_What the task requires_: What lines of the material below hold the string "this"? Copy them out.
═══ Given data ═══
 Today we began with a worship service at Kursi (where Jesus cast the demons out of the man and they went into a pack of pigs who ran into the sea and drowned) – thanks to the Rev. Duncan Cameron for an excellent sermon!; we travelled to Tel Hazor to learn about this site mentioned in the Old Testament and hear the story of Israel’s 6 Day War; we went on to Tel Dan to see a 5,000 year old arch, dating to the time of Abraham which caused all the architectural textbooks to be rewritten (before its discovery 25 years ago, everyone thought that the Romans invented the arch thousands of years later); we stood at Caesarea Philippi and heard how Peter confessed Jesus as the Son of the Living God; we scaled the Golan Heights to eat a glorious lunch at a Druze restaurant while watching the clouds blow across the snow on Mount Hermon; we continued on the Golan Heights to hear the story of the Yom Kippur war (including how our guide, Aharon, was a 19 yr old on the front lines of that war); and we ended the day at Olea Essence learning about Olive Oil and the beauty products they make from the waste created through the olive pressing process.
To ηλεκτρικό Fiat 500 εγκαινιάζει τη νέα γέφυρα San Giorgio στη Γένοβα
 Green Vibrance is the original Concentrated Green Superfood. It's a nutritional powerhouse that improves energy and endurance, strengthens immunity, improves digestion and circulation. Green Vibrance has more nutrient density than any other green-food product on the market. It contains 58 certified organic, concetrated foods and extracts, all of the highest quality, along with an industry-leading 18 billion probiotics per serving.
═══
═══ Given data ═══
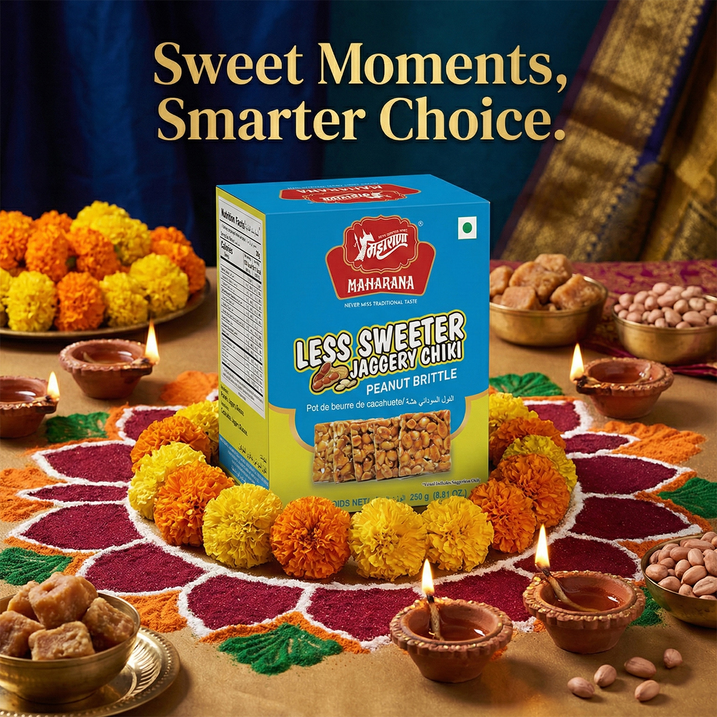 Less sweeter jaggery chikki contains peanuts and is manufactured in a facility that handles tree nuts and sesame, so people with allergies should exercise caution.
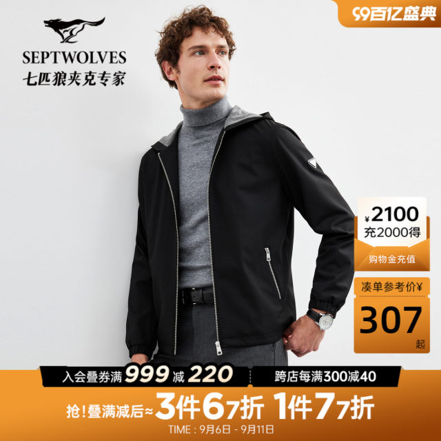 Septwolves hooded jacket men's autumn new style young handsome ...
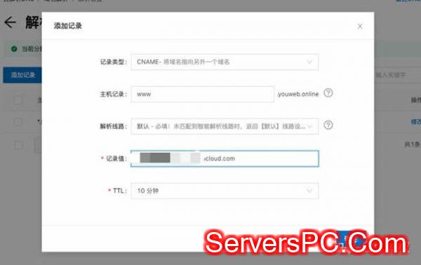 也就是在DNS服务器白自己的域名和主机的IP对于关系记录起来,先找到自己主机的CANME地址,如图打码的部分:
═══
═══ Given data ═══
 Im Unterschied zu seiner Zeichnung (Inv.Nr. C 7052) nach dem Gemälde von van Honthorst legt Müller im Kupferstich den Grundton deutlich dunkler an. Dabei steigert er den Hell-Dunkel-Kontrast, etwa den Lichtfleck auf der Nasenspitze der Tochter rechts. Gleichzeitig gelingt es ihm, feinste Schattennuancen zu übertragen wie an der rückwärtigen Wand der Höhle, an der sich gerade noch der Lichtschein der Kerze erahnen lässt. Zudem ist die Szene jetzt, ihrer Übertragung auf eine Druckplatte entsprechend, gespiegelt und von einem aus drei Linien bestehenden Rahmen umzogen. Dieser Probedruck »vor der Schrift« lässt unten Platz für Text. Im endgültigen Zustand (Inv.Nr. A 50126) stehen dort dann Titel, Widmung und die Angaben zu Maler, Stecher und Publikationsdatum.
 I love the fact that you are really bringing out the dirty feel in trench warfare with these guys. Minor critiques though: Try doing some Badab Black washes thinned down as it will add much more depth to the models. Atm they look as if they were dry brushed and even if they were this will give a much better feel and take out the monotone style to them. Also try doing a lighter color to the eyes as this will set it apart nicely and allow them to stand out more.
═══
_Solution to the problem_:
 Today we began with a worship service at Kursi (where Jesus cast the demons out of the man and they went into a pack of pigs who ran into the sea and drowned) – thanks to the Rev. Duncan Cameron for an excellent sermon!; we travelled to Tel Hazor to learn about this site mentioned in the Old Testament and hear the story of Israel’s 6 Day War; we went on to Tel Dan to see a 5,000 year old arch, dating to the time of Abraham which caused all the architectural textbooks to be rewritten (before its discovery 25 years ago, everyone thought that the Romans invented the arch thousands of years later); we stood at Caesarea Philippi and heard how Peter confessed Jesus as the Son of the Living God; we scaled the Golan Heights to eat a glorious lunch at a Druze restaurant while watching the clouds blow across the snow on Mount Hermon; we continued on the Golan Heights to hear the story of the Yom Kippur war (including how our guide, Aharon, was a 19 yr old on the front lines of that war); and we ended the day at Olea Essence learning about Olive Oil and the beauty products they make from the waste created through the olive pressing process.
 I love the fact that you are really bringing out the dirty feel in trench warfare with these guys. Minor critiques though: Try doing some Badab Black washes thinned down as it will add much more depth to the models. Atm they look as if they were dry brushed and even if they were this will give a much better feel and take out the monotone style to them. Also try doing a lighter color to the eyes as this will set it apart nicely and allow them to stand out more.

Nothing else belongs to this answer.